Nicht jedes Auto mit Schweizer Kennzeichen ist zu Unrecht da
Jürgen Wiener, stellvertretender Leiter des Ordnungsamtes Waldshut-Tiengen, hält den Einkaufstourismus in Waldshut und Tiengen im Moment für sehr überschaubar. „Auch bei den großen Supermärkten sind nur noch einige wenige Schweizer Fahrzeuge festzustellen“, erklärt er auf Anfrage. Zuletzt wurden auf dem Parkplatz eines der größten Supermärkte in Waldshut beispielsweise zwölf Schweizer Fahrzeuge registriert. Wiener macht auf einen besonderen Aspekt bei der Überprüfung von geparkten Fahrzeugen aufmerksam.
Wenn niemand im Auto sitze, sei der Grund des Aufenthalts nicht eindeutig zu klären. „Es könnte sich auch um Personen handeln, die sich eben nicht aus überwiegend touristischen Zwecken oder zu Zwecken des Einkaufs bei uns aufhalten.“ Manchmal sei es der Geschäftswagen eines Grenzgängers.

Aufgabe des Vollzugsdienstes oder der Stadtpolizei sei es, den Grund des Aufenthalts vor Ort zu klären, was in der Praxis nicht immer einfach sei. Sind die Einreisenden aus der Schweiz aus touristischen Gründen oder zum Einkaufen gekommen, müssen sie sich für zehn Tage in Quarantäne zu begeben.
Um den „Einkaufstourismus„ vollständig zu stoppen, wäre eine Grenzschließung nötig, so Wiener: „Die brächte andere Probleme im Grenzverkehr mit sich, die nicht im Verhältnis zum angestrebten Zweck stehen würden.“ Er plädiert für verstärkt Kontrollen an den Grenzen, was jedoch nicht in den Zuständigkeitsbereich der Kreisstadt falle.
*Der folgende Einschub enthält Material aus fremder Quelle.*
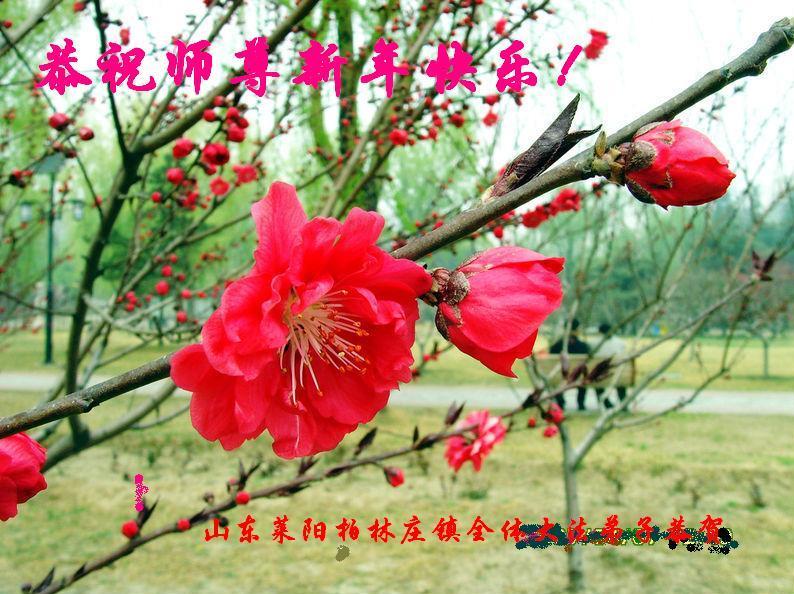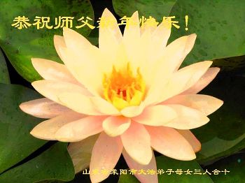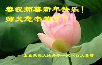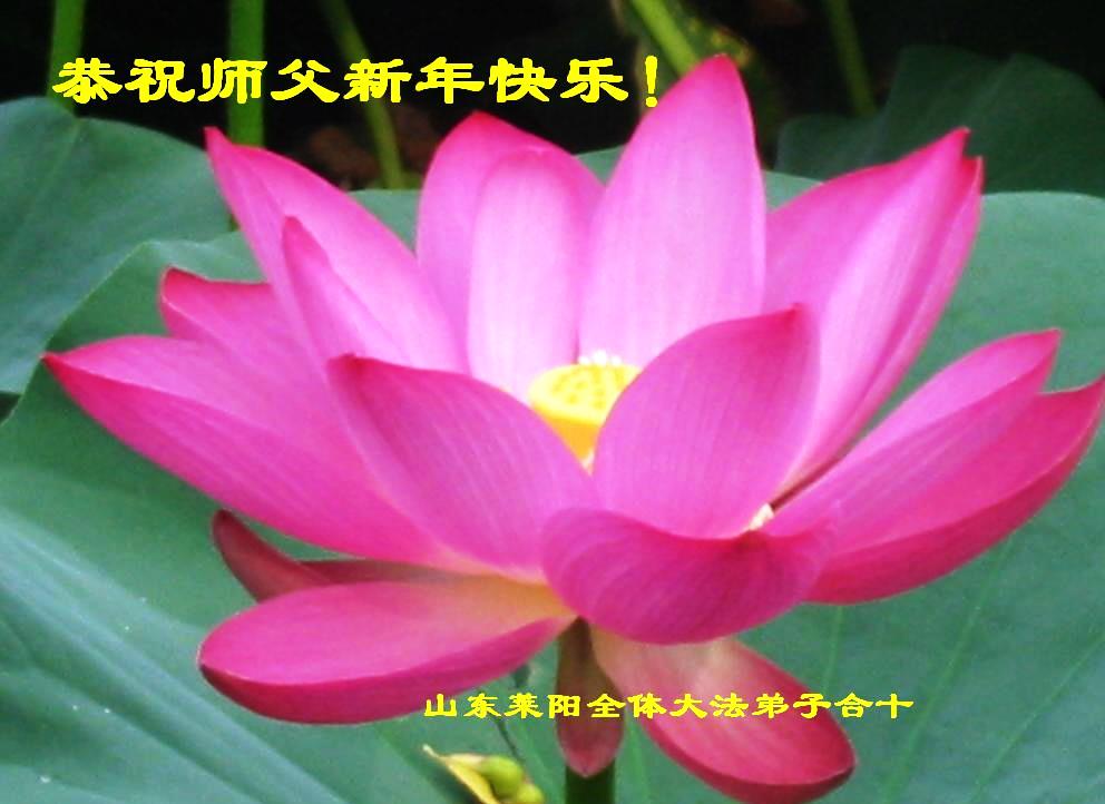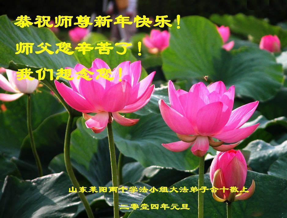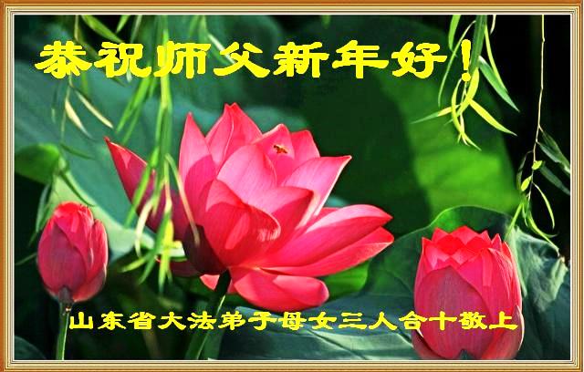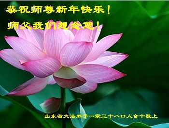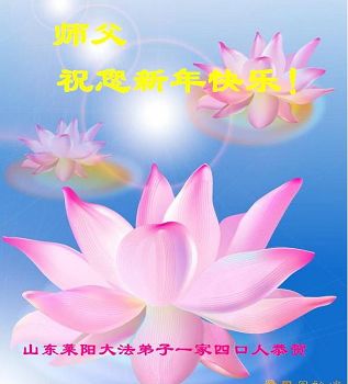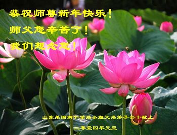 山東棲霞全體大法弟子恭祝慈悲偉大師父元旦快樂!感謝師尊的慈悲救度!我們一定盡最大努力做好三件事,讓師尊多一份安慰。願師尊笑口常開,早日回國。
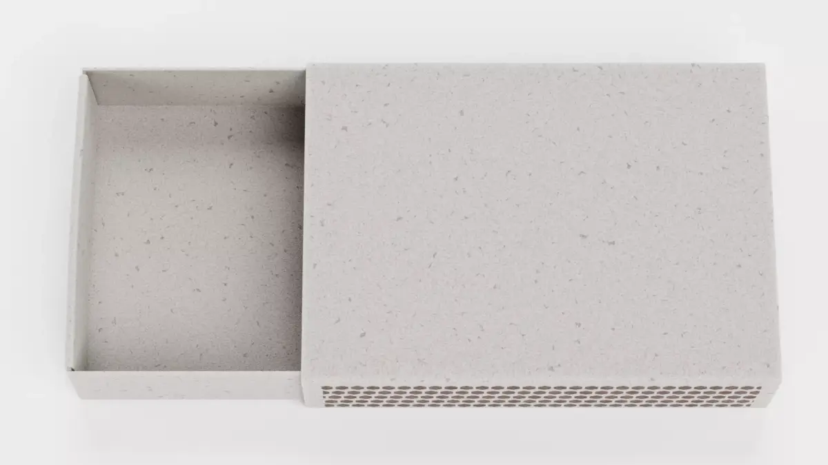 A clean, fully unbranded matchbox model featuring a separate slide-out inner tray and realistic strike surfaces on both sides. The design is intentionally generic, using a subtle recycled-paper texture that fits seamlessly into product renders, prop work, or any scene that needs a neutral, non-distracting utility object. Both parts are individually modeled, allowing to present the matchbox open, closed, or anywhere in between.
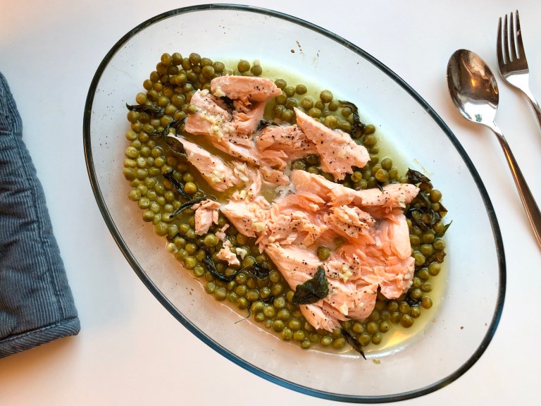 Vend det raskt og forsiktig inn i sausen sammen med laksen og ertene.

In Bad Säckingen werden Anhörungsbögen verschickt
„Der Einkaufstourismus blüht, aber in geringem Umfang“, sagt Markus Haag, Leiter des Bad Säckinger Ordnungsamts. Dabei weist er auf die von ihm und seinen Kollegen festgestellten Fahrzeuge mit Schweizer Nummernschildern auf den größeren Parkplätzen der Stadt hin. In den zurückliegenden drei Wochen wurden 46 Fahrzeuge notiert. „Das waren sicher nicht alles Dienstfahrzeuge von Grenzgängern„, sagt er. Ob alles Einkaufstouristen seien, müsse nun geklärt werden, da die Insassen nicht vor Ort befragt wurden.
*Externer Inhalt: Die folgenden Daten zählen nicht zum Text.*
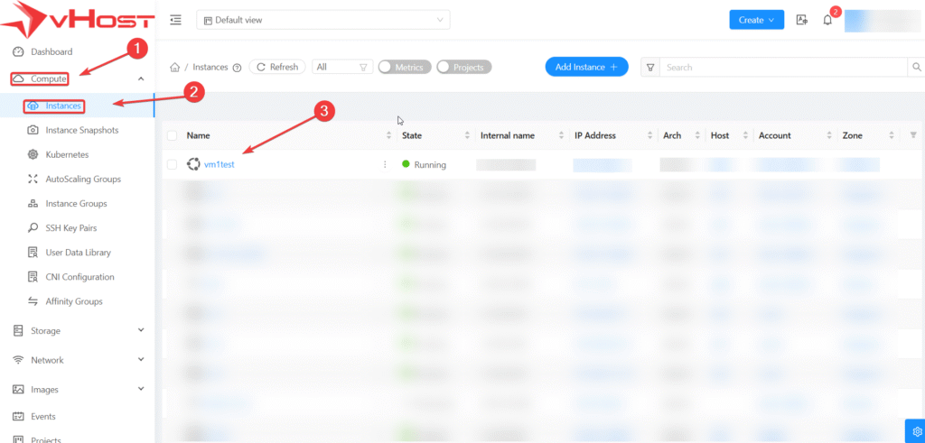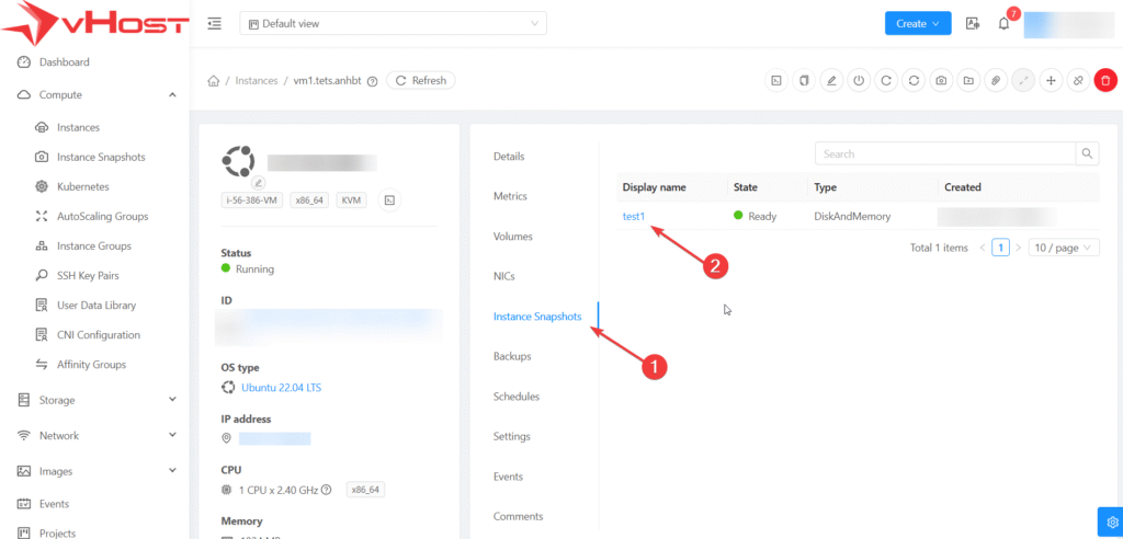 - Bước 2: Chọn vào Instance cần thực hiện snapshot
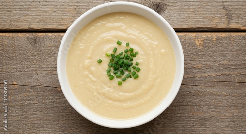 Creamy Soup Bowl Overhead Shot - Delicious creamy soup, garnished with fresh chives, served in a rustic bowl. Comfort food, healthy eating, simple recipe, wholesome ingredients, culinary delight

Der Gemeindevollzugsdienst überprüft vor Ort, ob Einkaufstouristik vorliegt, die Corona-Streife ermittelt den Halter über das Owi-Programm und sendet einen Anhörungsbogen zu. Die Software unterstützt die Bearbeitung aller Vorgänge allgemeiner Ordnungswidrigkeiten. Wer gegen die Corona-Verordnung verstößt, dem drohen jedenfalls Bußgelder, sagt Haag. Die Kennzeichen sind notiert. „Wir werden dagegen vorgehen, die Ermittlungen laufen“, sagt Haag. Nach Auffassung von Markus Haag kann nur eine Schließung der Grenze, den Einkaufstourismus im Lockdown stoppen.
Nur noch wenige Schweizer Fahrzeuge in Jestetten
Bürgermeisterin Ira Sattler erklärt: „Der Einkaufstourismus aus der Schweiz ist relativ zum Erliegen gekommen. Aus meiner Sicht spielt er derzeit keine Rolle!“ Auf den Parkplätzen der Supermärkte und Discounter, die in Zeiten ohne Pandemie immer voll sind, werden nur noch vereinzelt Fahrzeuge mit Schweizer Kennzeichen festgestellt, sagt die Bürgermeisterin. „Und da wissen wir nicht, ob es nicht Geschäftsautos von deutschen Grenzgängern sind.“
Vom Gemeindevollzugsdienst würden die Corona-Regeln kontrolliert, es würden aber nur wenige Verstöße im öffentlichen Raum registriert. Die Sieben-Tage-Inzidenzwerte (Stand 8. Januar) der angrenzenden Kantone Schaffhausen (183) und Zürich (280) lassen den Blick jedenfalls sorgenvoll über die Grenze schweifen. „Wir müssen den Ball flach halten, aber ich bin froh, dass die Grenzen offen sind. Für Grenzgänger wäre eine erneute Schließung katastrophal“, sagt Ira Sattler.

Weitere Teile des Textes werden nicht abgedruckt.